What is required: Print exactly the lines from the one that contains "冬日的信阳,茶山依旧苍翠。俯" through the final line of the entries below, both included, and nothing else; omit the pictures.

Input for this task:

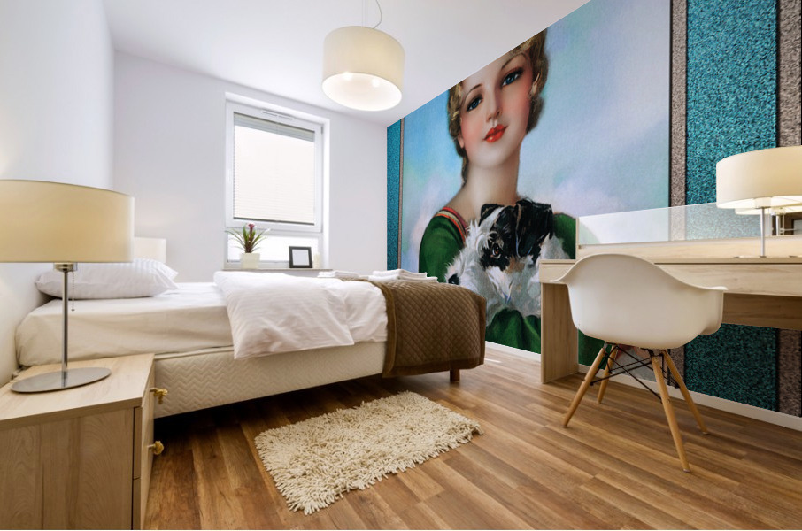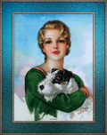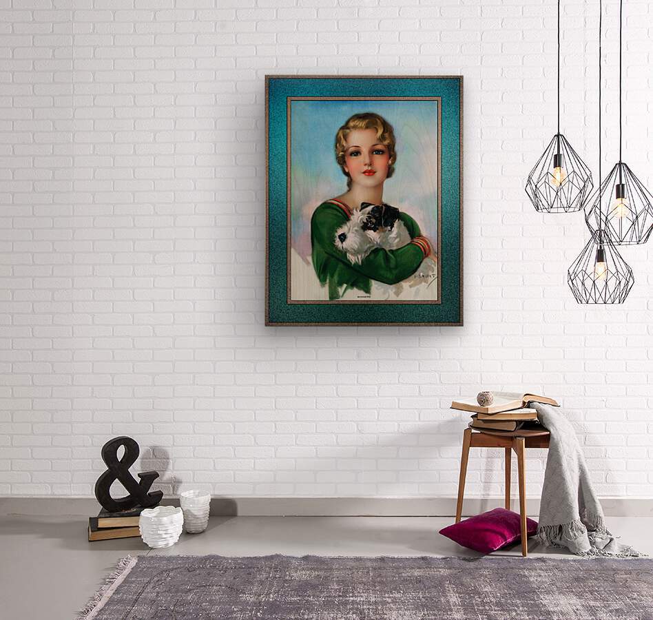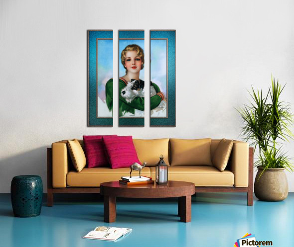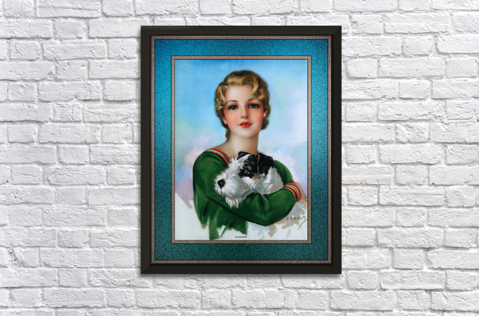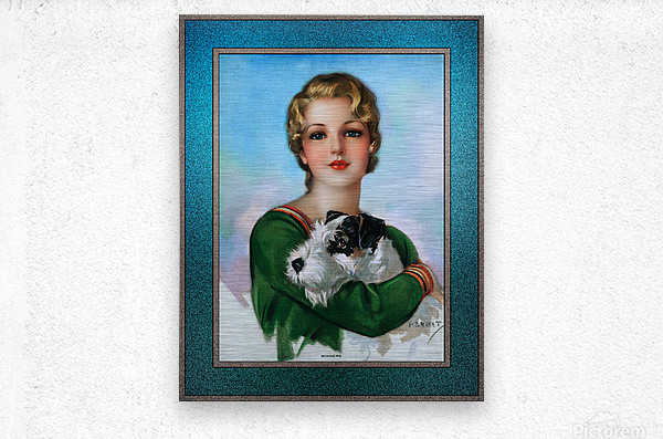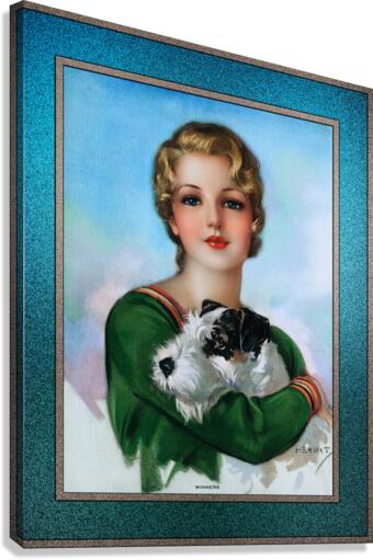Winners, A Girl And Her Dog by Hungarian Painter Jules Erbit (1889 - 1968); a pastel painter known for his female portraits and calendar illustrations. This is a charming and elegant pin up girl genre portrait of a beautiful young lady with blonde hair and wearing green blouse with yellow and orange stripe trim along the collar and sleeves; holding her pet dog. On the bottom of the artwork is the word WINNERS, which may indicate that she and her dog were involved or were part of some sort of competition. This is a retouched digital art old masters reproduction of a public domain image.
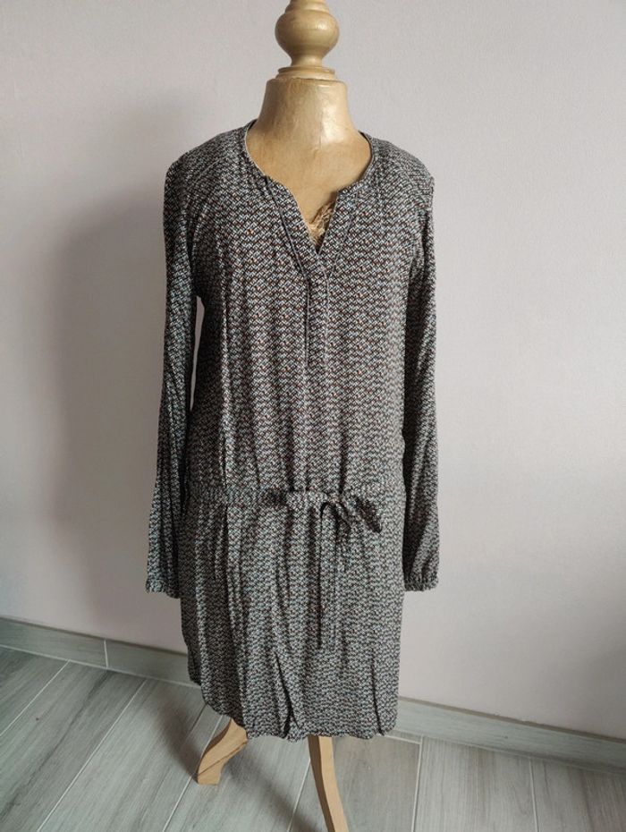Robe fluide à motifs, dans les coloris noir, camel, bleu et blanc. Avec petits détails billes argentées au col, épaules, et bout des manches. Cache Cache, taille 36
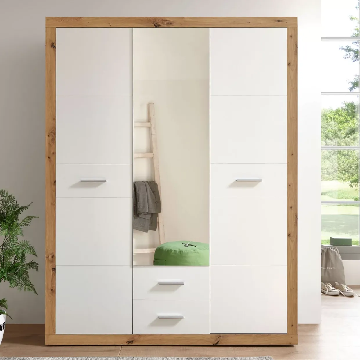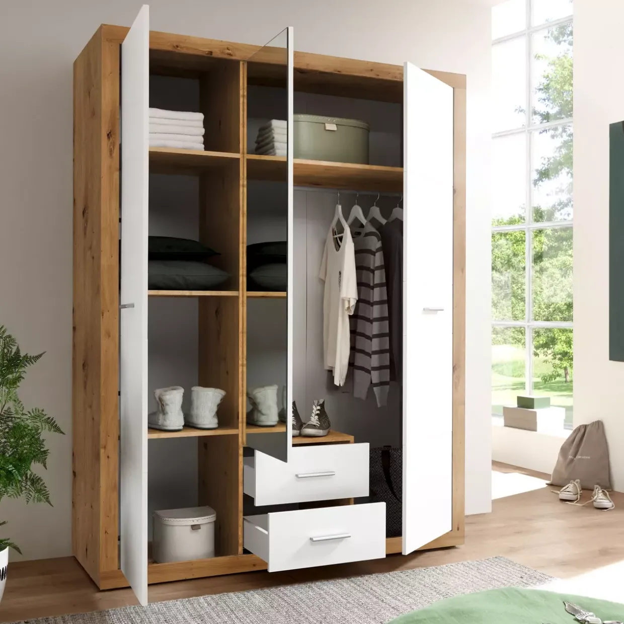 Artisan Eiche Nachbildung verleiht dem Drehtürenschrank Stone einen unverwechselbaren Charme im Cottage-Stil. Diese Kombination aus zeitlosem Design und natürlicher Eleganz schafft eine harmonische Atmosphäre in Ihrem Zuhause. Mit seiner Farbgebung in Weiß fügt sich der Schrank nahtlos in unterschiedlichste Einrichtungsstile ein, ohne dabei aufdringlich zu wirken.Der Stone Drehtürenschrank überzeugt durch seine klassische Türart: die Drehtür. Diese ermöglicht einen einfachen Zugang zum Innenraum und bietet gleichzeitig eine klare, strukturierte Optik. Das Material, ein hochwertiger Holzwerkstoff, garantiert Stabilität und Langlebigkeit, während es gleichzeitig eine umweltfreundliche Alternative zu Massivholz darstellt.Vielseitigkeit trifft auf Funktionalität. Der Schrank bietet ausreichend Stauraum für Kleidung, Bettwäsche oder andere wichtige Dinge des täglichen Lebens. Durch die durchdachte Innenaufteilung bleibt alles stets übersichtlich und griffbereit.In der Welt der Möbel ist der Drehtürenschrank im Modell Stone ein Paradebeispiel dafür, wie Design und Funktion Hand in Hand gehen können. Sein durchdachtes Konzept und die hochwertige Verarbeitung machen ihn zu einem verlässlichen Begleiter im Alltag. Die Wahl eines solchen Möbels zeugt von gutem Geschmack und einem Gespür für stilvolle Einrichtung.
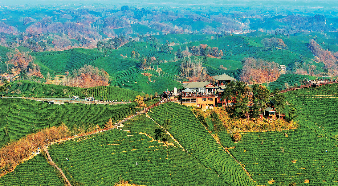 冬日的信阳,茶山依旧苍翠。俯瞰茶乡,游客或以青山为背景拍照留念,或闲坐露台品一杯香醇的信阳毛尖,尽享茶乡的温暖与惬意。
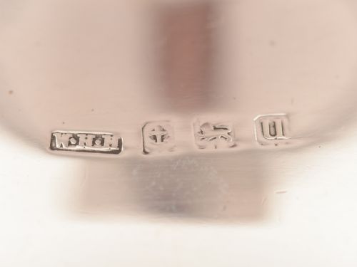 A nice English Capstone silver inkwell with glass liner flip up lid and hallmarked Birmingham 1919 and marked WHH for the maker William Hair Haseler. FREE worldwide delivery. Measurements: Height: 3 (approx 7.5cm) Diameter across base: 5 (approx 12.5cm) Weight: 468g IN good condition - any dark areas are shadows from the photography.
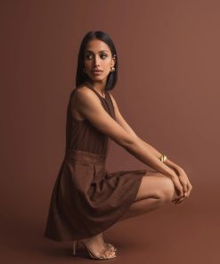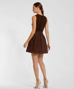 Be the first to review “Mac Duggal Women’s Dresses Brown Sleeveless Mesh And Suede A Line Mini Dress | Brown” Cancel reply

Written response:
 冬日的信阳,茶山依旧苍翠。俯瞰茶乡,游客或以青山为背景拍照留念,或闲坐露台品一杯香醇的信阳毛尖,尽享茶乡的温暖与惬意。
 A nice English Capstone silver inkwell with glass liner flip up lid and hallmarked Birmingham 1919 and marked WHH for the maker William Hair Haseler. FREE worldwide delivery. Measurements: Height: 3 (approx 7.5cm) Diameter across base: 5 (approx 12.5cm) Weight: 468g IN good condition - any dark areas are shadows from the photography.
 Be the first to review “Mac Duggal Women’s Dresses Brown Sleeveless Mesh And Suede A Line Mini Dress | Brown” Cancel reply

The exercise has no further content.